__What the task asks__: Transcribe, word for word and without additions, each line below from the one containing "Antique silver crystal" through the one containing "同時,志愿者們還開展形式多樣", both ends included.
*** Entries supplied Section Begins ***
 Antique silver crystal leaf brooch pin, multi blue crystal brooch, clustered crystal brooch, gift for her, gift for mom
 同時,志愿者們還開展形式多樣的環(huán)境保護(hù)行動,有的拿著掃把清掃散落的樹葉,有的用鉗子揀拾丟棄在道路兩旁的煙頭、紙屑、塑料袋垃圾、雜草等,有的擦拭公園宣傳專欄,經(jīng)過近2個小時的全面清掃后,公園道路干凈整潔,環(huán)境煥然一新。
*** Entries supplied Section Ends ***
*** Entries supplied Section Begins ***
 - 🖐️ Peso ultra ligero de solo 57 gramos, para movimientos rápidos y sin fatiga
*** Entries supplied Section Ends ***
*** Entries supplied Section Begins ***
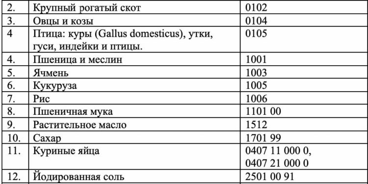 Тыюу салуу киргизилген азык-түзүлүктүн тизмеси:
*** Entries supplied Section Ends ***
__Response below__:
 Antique silver crystal leaf brooch pin, multi blue crystal brooch, clustered crystal brooch, gift for her, gift for mom
 同時,志愿者們還開展形式多樣的環(huán)境保護(hù)行動,有的拿著掃把清掃散落的樹葉,有的用鉗子揀拾丟棄在道路兩旁的煙頭、紙屑、塑料袋垃圾、雜草等,有的擦拭公園宣傳專欄,經(jīng)過近2個小時的全面清掃后,公園道路干凈整潔,環(huán)境煥然一新。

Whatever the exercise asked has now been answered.